Why lockdown 2.0 will not affect burgeoning demand for property


Paresh Raja Market Financial Solutions

To combat the second rise in COVID-19 cases, the UK is once again under lockdown. This is now the second time stringent social distancing measures have been introduced, with businesses being encouraged to work from home where possible.

At the moment, “lockdown 2.0” is scheduled to end on Wednesday 2nd December. While there are concerns this date could be pushed back, much will depend on whether the rate of new cases drops.

Importantly, the rules and regulations are by no means as strict as the first lockdown. The reason for this is simple – the government recognises that once COVID-19 is effectively contained, the long-term challenge will be kicking the economy back into gear.

The announcement of financial relief and support packages to encourage consumer spending and investment activity have been extremely well-received. And even with the country in lockdown, the government does not want different sectors to come to a complete standstill.

This is particularly true when it comes to the property market.
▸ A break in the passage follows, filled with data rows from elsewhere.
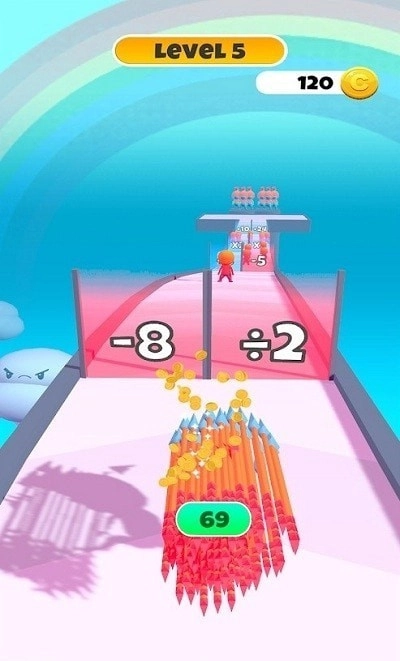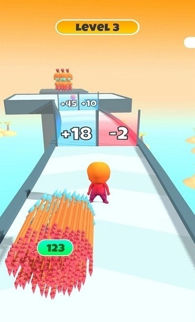 在箭节中玩家需要通过控制各种不同数量的箭。来将路途中的所有障碍物全部清扫干净,并且掉落的金币可以积累,用于兑换更强力的道具,还可以通过各种类似加速门。可以增加箭的数量。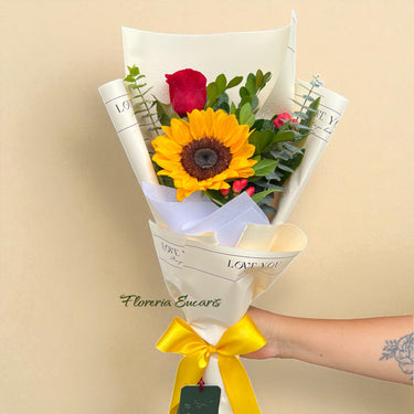 ▸ Hermoso ramo de girasol, rosas roja premiúm, flores de complemento y empaque papeles y estilo coreano.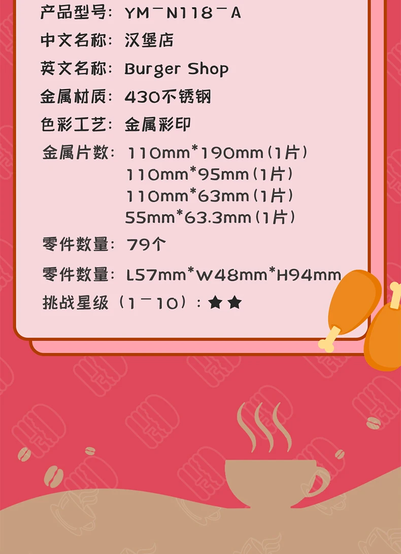 Технические характеристики:Бренд: MUНазвание:Книжный магазин3D комплекты металлических моделейМодель: YM-N118-DМатериал: нержавеющая стальОтделка Размеры: L 6 см x W 5,5 cm x H 10,5 см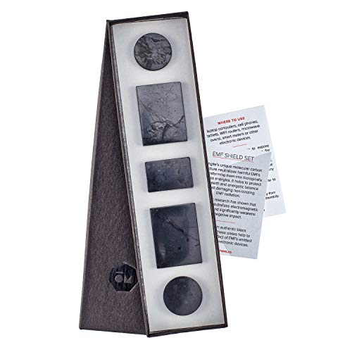 Details: SHUNGITE EMF SHIELD KIT by Modern Om Protect yourself and the ones you love from harmful EMFs Every day we are in close contact with our cell phones, smart meters, and electrical appliances and the electromagnetic fields (EMFs) they emit. Background technologies like wireless routers, Bluetooth and other wireless systems give off radiation in the low-gigahertz frequency range that are potentially dangerous to humans and animals. A real-world example: when your cell phone is turned on, or in stand-by mode, it emits EMFs. When you hold it to your ear, 20% to 80% of the radiation from its antenna penetrates your brain (up to two inches). To help you guard yourself and loved ones against EMF radiation, we’ve created a EMF Shield Set using Shungite. Shungite is a rare mineral with a unique molecular carbon structure that neutralizes harmful EMFs by transforming them into biologically harmless energies. We use verified authentic black SHUNGITE plates to mitigate the effect of EMFsfrom electronic devices. The kit includes 5 polished sticky-backed Shungite plates for you and your family to attach to laptop computers, cell phones, tablets, WIFI routers, microwave ovens, or smart meters. It’s wise to shield your health and energetic balance from damaging non-ionizing EMF radiation. Please Note: Someplates have mineral inclusions (light spots or reddish-brown veins) which are primarily pyrite or iron oxide that naturally occurs in Shungite. They are harmless and contribute to the beauty of each piece. Because of its high carbon content, your new Shungite piece may shed some black residue on skin, clothing or other surfaces. This is normal and harmless. The residue can easily be washed off most surfaces. Wiping the object with a soft damp cloth will remove any loose carbon dust and minimize this effect.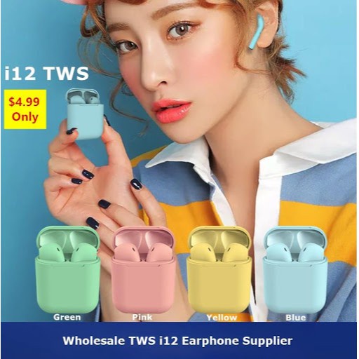 Headset Bluetooth Pintar Grosirheadset bluetooth EARPHONE 12 Macaron 12 i12 TWS Headset Bluetooth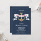 This nautical couples wedding shower invitation features a faux gold glitter anchor, a blue and white vintage banner, a cute red heart, and a navy blue background.

Unlike the previous lockdown, people are still able to move homes and estate agencies can remain open so long as social distancing guidelines are adhered to.

On top of this, the Stamp Duty Land Tax (SDLT) holiday will remain in place, providing the financial incentives for first-time buyers through to landlords and sophisticated investors to complete on property transactions.

There is no denying the recent standout performance of the property market. Since the announcement of the SDLT holiday, buyers have been flocking to take advantage of the savings on offer. This is leading to house price growth not witnessed since before the EU referendum.

Halifax’s latest house price index revealed that house prices in October were 7.5% higher than in the same month a year earlier – the strongest growth recorded since June 2016. This spike has been attributed to the rise in demand for property as a consequence of the SDLT holiday.

A market alive with activity

In my opinion, while we might see a slight drop in activity, I do not believe this current lockdown will drastically impact buyer demand for property in England and Northern Ireland.

If anything, lenders could be faced with the opposite problem – an increase in enquiries from buyers which could lead to application delays.

I recently wrote about the need to extend the SDLT holiday beyond the 31 March 2021 deadline. The reason for this was not only due to the success of the policy but also the fact that many mainstream lenders are simply not equipped to deal with the influx in enquiries.

As a consequence, there is a risk mortgages will not be deployed on time and that sales will have be completed once the deadline passes.

Having effectively overcome the initial obstacles posed from remote working, Market Financial Solutions (MFS) is ready to receive applications and deploy tailored bridging loans at the same high standard.

We have consulted our credit lines and launched a £60 million COVID-19 recovery fund for this very purpose, meaning that our loans can be issued within days.

Established specialist finance lenders have effectively adapted to the so-called “new normal”, embracing digital technologies and putting in place new processes which enhance their products and services.

Having overcome the challenges presented by the first lockdown, lenders like MFS are now expertly placed to deliver loans quickly no matter how complex a case might be.

In this respect, I do not think this current lockdown will be undermine market demand for real estate. On the contrary, the real issue is ensuring lenders can process applications and deploy loans during this period.

Mainstream lenders and mortgage providers might struggle, which is why brokers and buyers need to look beyond the high street and recognise the advantages of specialist finance products, like bridging loans.